Nearly 20% of the 3 million breast cancer survivors in the U.S. have cardiovascular disease (CVD). The National Cancer Institute, NHLBI, and professional oncology and cardiology societies have all endorsed the importance of reducing CVD burden in breast cancer survivors through earlier recognition and intervention. Although women diagnosed with stages I to III breast cancer have an excellent prognosis with 5-year relative survival >90%, specific adjuvant therapies have been reported to lead to cardiovascular (CV) events that impair health-related quality of life and/or lead to premature CVD death. CV events including acute myocardial infarction, stroke, and venous thromboembolism have been reported to be associated with adjuvant chemotherapy, biological agents, radiation therapy, and/or hormonal therapies. These treatment-related CV events pose a significant public health problem because they will affect the increasing number of breast cancer survivors? health-related quality of life over a long-life expectancy. Currently, no standard risk model exists to predict the risk of CV events associated with multiple adjuvant breast cancer therapies in the presence of established CV risk factors (such as hypertension, hyperlipidemia, smoking) to inform practice guidelines and promote shared clinical decision-making. Such models can inform women before treatment about the potential risks of CVD from alternative treatment strategies while maintaining the best chances for cancer cure. These models can also help to identify women at highest risk of CVD after therapy who would potentially benefit from earlier and more intensive CV monitoring via routine imaging and/or use of preventive medications to mitigate risk of CV events. To address this gap, our study will create risk prediction models by analyzing a large, demographically heterogeneous cohort of adult women (N=40,500) with newly diagnosed stages I to III invasive breast cancer in real-world health care settings. We will study women diagnosed from 2008-2020 and followed up to 15 years using the comprehensive electronic records of one of the largest health plans in the U.S., Kaiser Permanente.

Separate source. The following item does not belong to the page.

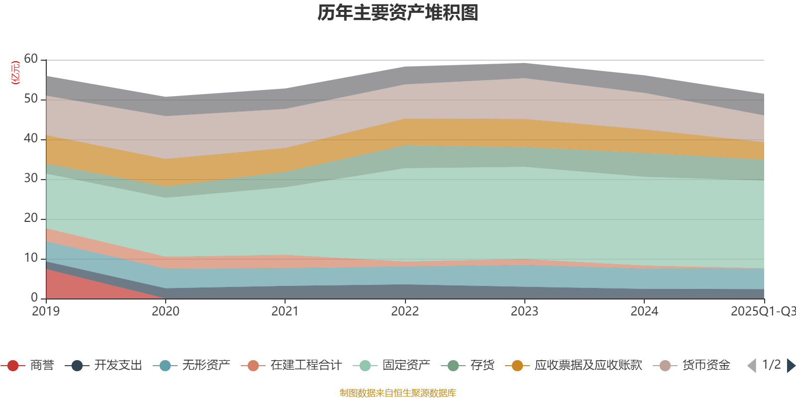 资产重大变化方面,截至2025年三季度末,公司货币资金较上年末减少27.06%,占公司总资产比重下降3.35个百分点;固定资产较上年末减少1.3%,占公司总资产比重上升3.02个百分点;应收票据及应收账款较上年末减少25.48%,占公司总资产比重下降1.98个百分点;交易性金融资产合计占公司总资产的1.4%,上年末为0。

In Aim 1, we will assess incident CV events (acute myocardial infarction, stroke, heart failure) following adjuvant breast cancer therapies, adjusting for tumor characteristics and CVD risk factors such as age, race/ethnicity, pre-existing CVD, CVD medications (statins, anti-hypertensives, anti- diabetics), hypertension, diabetes, BMI, and smoking. We will then estimate whether the risk of CV events is greater in the breast cancer cohort versus an age, race- matched cancer-free cohort.
In Aim 2, we will create and validate risk prediction models for early (<1 year) and late (up to 15 years) CV events. Our project will be the first to estimate the association of multiple established CVD risk factors with the risk of breast cancer adjuvant treatment-related CV events in a real-world, ethnically and socioeconomically diverse community-based cohort. Our risk prediction models will provide new information to guide evidence-based clinical decision-making concerning adjuvant therapy use for breast cancer and concurrent and post-treatment cardio-oncology care.
There is an urgent need to reduce cardiovascular disease (CVD) burden in breast cancer survivors through earlier recognition and intervention for treatment-related CV toxicity. Currently, no standard risk model exists to predict CV events associated with various cardiotoxic adjuvant breast cancer therapies to promote shared clinical decision-making regarding prevention and management of CVD associated with these therapies. Our study will address this gap by measuring the risk of CV events following adjuvant breast cancer therapies, and we will then use results from this analysis to develop several risk prediction models for early (before 1 year) and late (up to 15 years) CV events.